Monday, June 29, 2015

On leaving


I conduct a community chorus where I live, and until recently taught choral music at a local high school. In a recent gathering, I found myself in polite conversations about next academic year. Later feeling the answer needed more explanation, I penned them a letter, which I hoped would succinctly answer their questions as to my leaving.

"If there's something that makes us artists and singers, it would be the power of a vulnerability we use to examine and love our unique selves, and the ability to honestly put those truths into our music, thus sharing and communicating the beauty one embraces with others. The bravery to remain authentic in this pursuit often brings you against walls constructed by those who wish to mute your honesty in their equal pursuit of making lives of parents, colleagues, and donors comfortable, purposefully ignoring the truth that our diversity is what truly unites us. I will not be returning to teach at ******* next year, because on principle, I will not fall into lines that walk toward conformity at the sacrifice of authenticity, suppression at the sacrifice of honesty, and ultimately dogmatic regurgitation at the expense of the careful, loving formation of indelible, young lives. There comes a point where one must walk away from an institution that chooses discrimination over dignity, asking for a form of normal that calls for uniqueness to cover herself, lest someone become uncomfortable when presented with the opportunity to have their mind opened. I cannot live this way as a teacher, an artist, or a human being. It is said that there is a place called vocation, where your greatest passion meets the world's greatest need. I believe this to be true, and simply ask for your thoughts and prayers as I continue to seek this place..."
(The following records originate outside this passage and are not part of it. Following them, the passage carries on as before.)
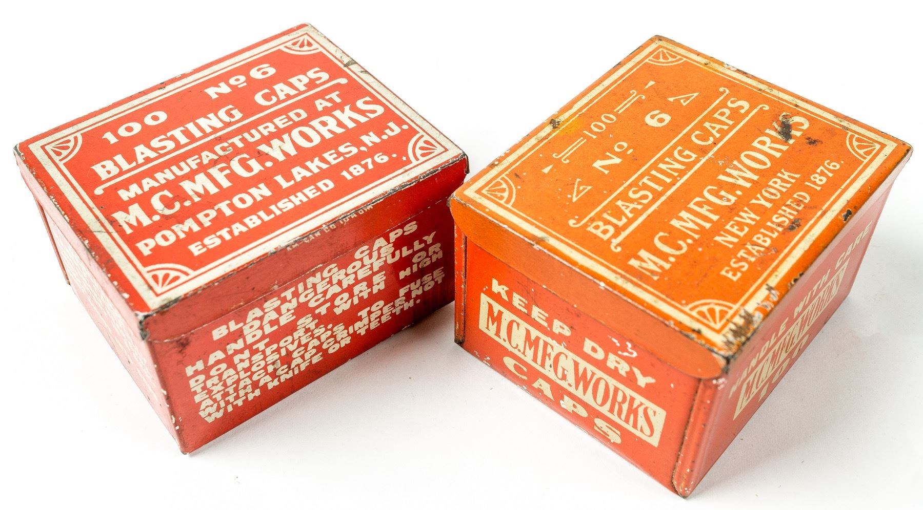 Two different rectangular blasting cap tins for the MC Manufacturing Works. Both no. 6 caps. State: City: HWAC#: 46857 Date: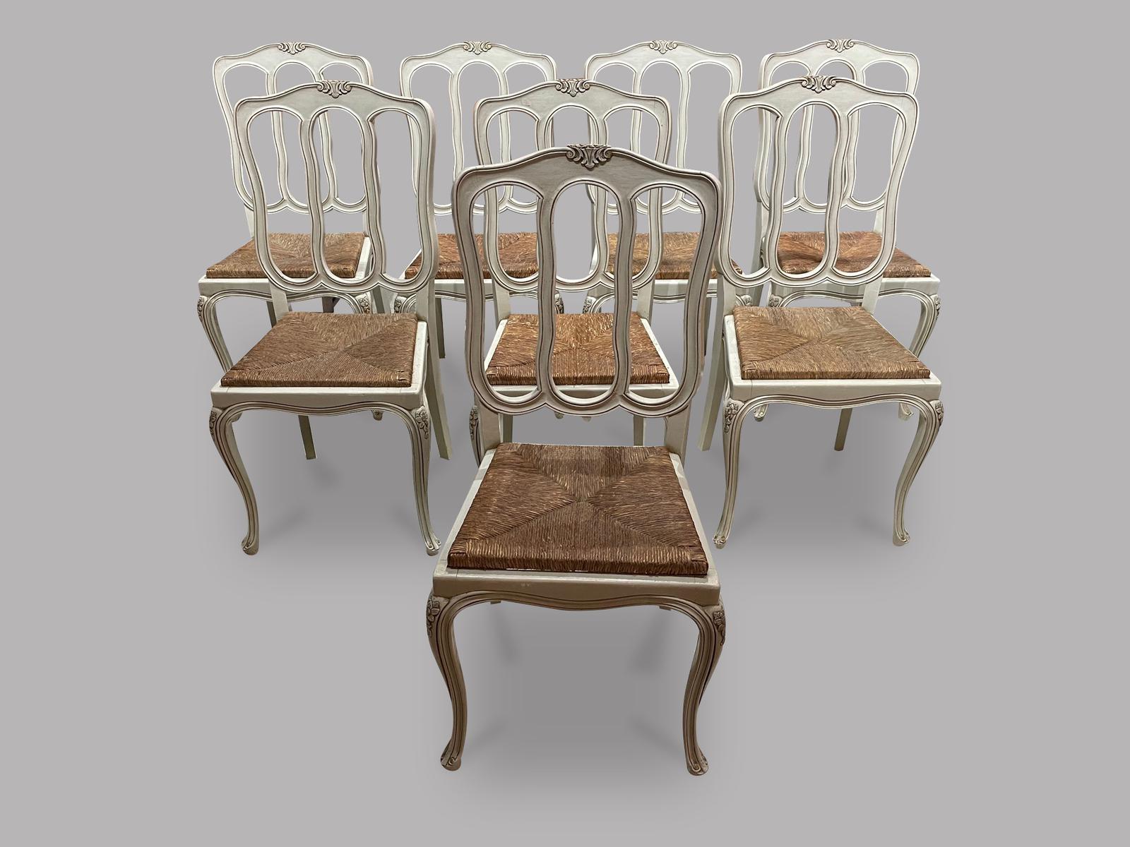 French Set of Eight Rush Seated Chairs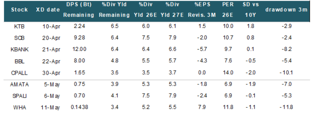 ในระยะสั้น เรามองว่าสถานการณ์สงครามยังอาจทำให้ ตลาดหุ้นผันผวนสูงต่อเนื่อง ภาวะดังกล่าวเปิดโอกาสเชิงกลยุทธ์ในการ ทยอยสะสมหุ้นปันผลสูง ที่การปรับตัวลงของราคา (drawdown) ไม่รุนแรงเทียบดัชนี SET แม้ในช่วงที่ตลาดเผชิญแรงขายจากความกลัวสงคราม กำลังเข้าสู่รอบการจ่ายเงินปันผลในช่วง 1–3 เดือนข้างหน้า (ก่อนขึ้นเครื่องหมาย XD) ความเสี่ยงผลกระทบจากสงครามจำกัด และคาดฟื้นตัวเร็วหลังสงครามคลี่คลาย เช่น KTB (2.24 บาท, 6.5%), SCB (9.28 บาท, 6.4%), KBANK (12 บาท, 6.4%), BBL (8 บาท, 4.8%), CPALL (1.65 บาท, 3.6%), AMATA (0.75 บาท, 3.9%), SPALI (0.7 บาท, 4.1%), WHA (0.1438 บาท, 3.4%)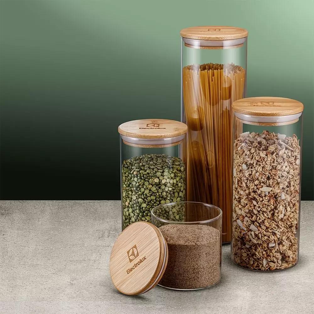 Jogo de Potes Porta-Mantimentos com Tampa de Bambu 4 unidades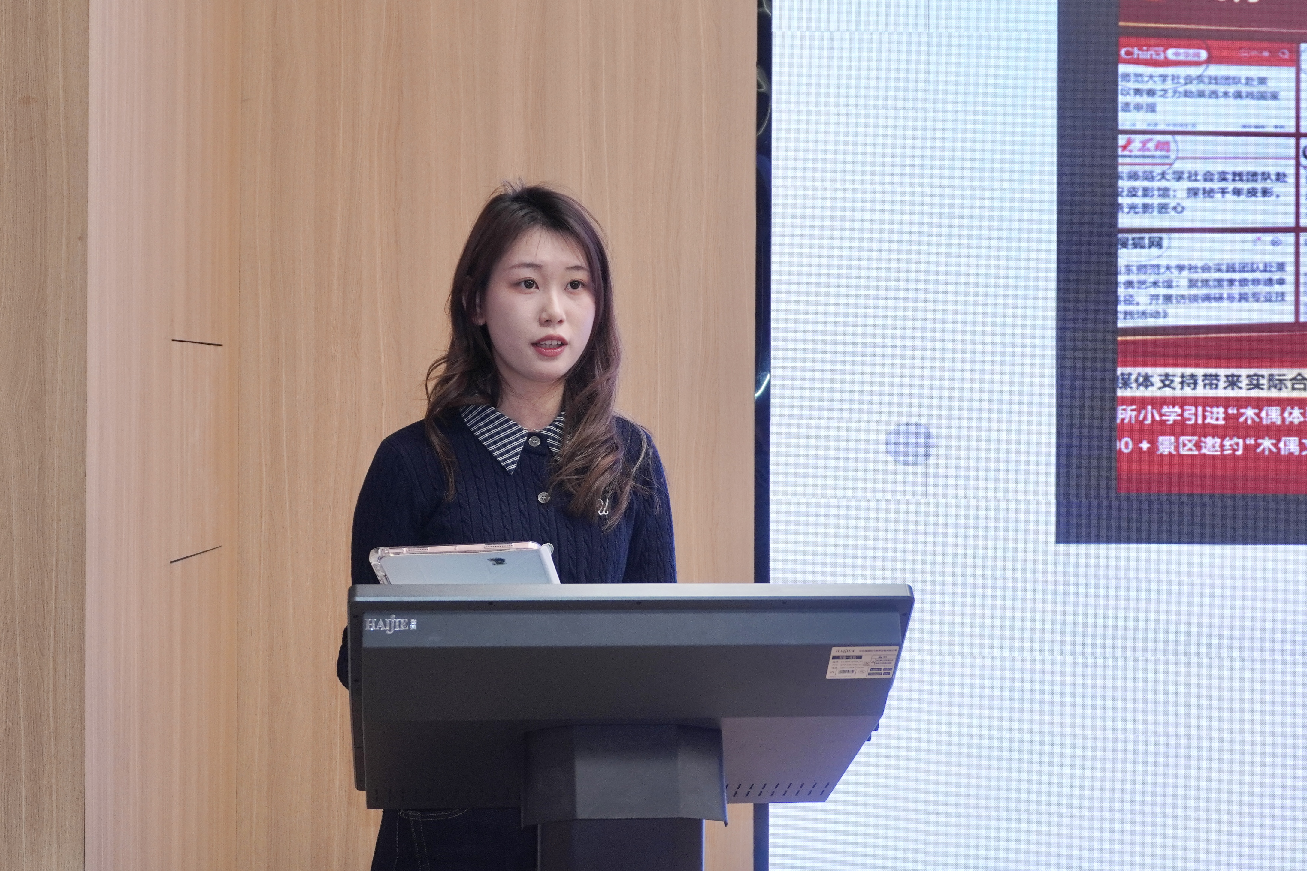 会上,国家级金奖项目负责人、2023级音乐班毛艺澄以其团队“莱西木偶戏”项目的孵化历程为例,分享了从常规实践进阶为国赛金奖的经验。她精炼出“精准选题、团队互补、成果累积”三大核心要素,鼓励同学们打破学科壁垒,通过跨专业协作实现资源聚合与项目升级。

"Oh Spirit of Guidance, shine thy divine light upon my path."

Sunday, June 28, 2015

On walls

This week was an absolutely historic week in our countries politics. Marriage equality has come to all 50 states, the Affordable Care Act remained the law of the land, and the confederate flag, a symbol of racism to so many has been taken down from the South Carolina state house has been taken down (in quite dramatic fashion). And while this happened, Obama gave provided perhaps his greatest oratory moment in his eulogy for Rev. Clementa Pinckney, a tragic victim of the Charleston 9 shooting. There have been other legislative decisions, which seem to have divided families, friends and parties causing an epidemic of Facebook un-friending.

When I was a kid, I remember thinking just how funny fences were. I remember asking why don’t we just take the fence down if we’re going to keep jumping over it? In elementary school, when we learned what borders were and thought just how confusing and absurd that was. What about this dirt makes it Missouri dirt and what about that dirt makes it Illinois dirt? As elementary school progressed, learning of actual fences were designed to keep people out and border protection was a thing. I just wanted to scream that borders are just made up in our minds, why doesn’t anyone else see this?!

These walls become famous. The Berlin Wall, designed to keep Western fascist out of East Germany. The Great Wall of China, designed to keep out invaders but later to symbolize protection from outside influence of Western influence. Hadrian’s Wall kept Rome’s colony from Scotland and remains the largest wall in Europe.  Hailing walls as architectural feats would be like calling the guillotine a great feat of engineering or calling avoiding eye contact with a homeless man as self protection.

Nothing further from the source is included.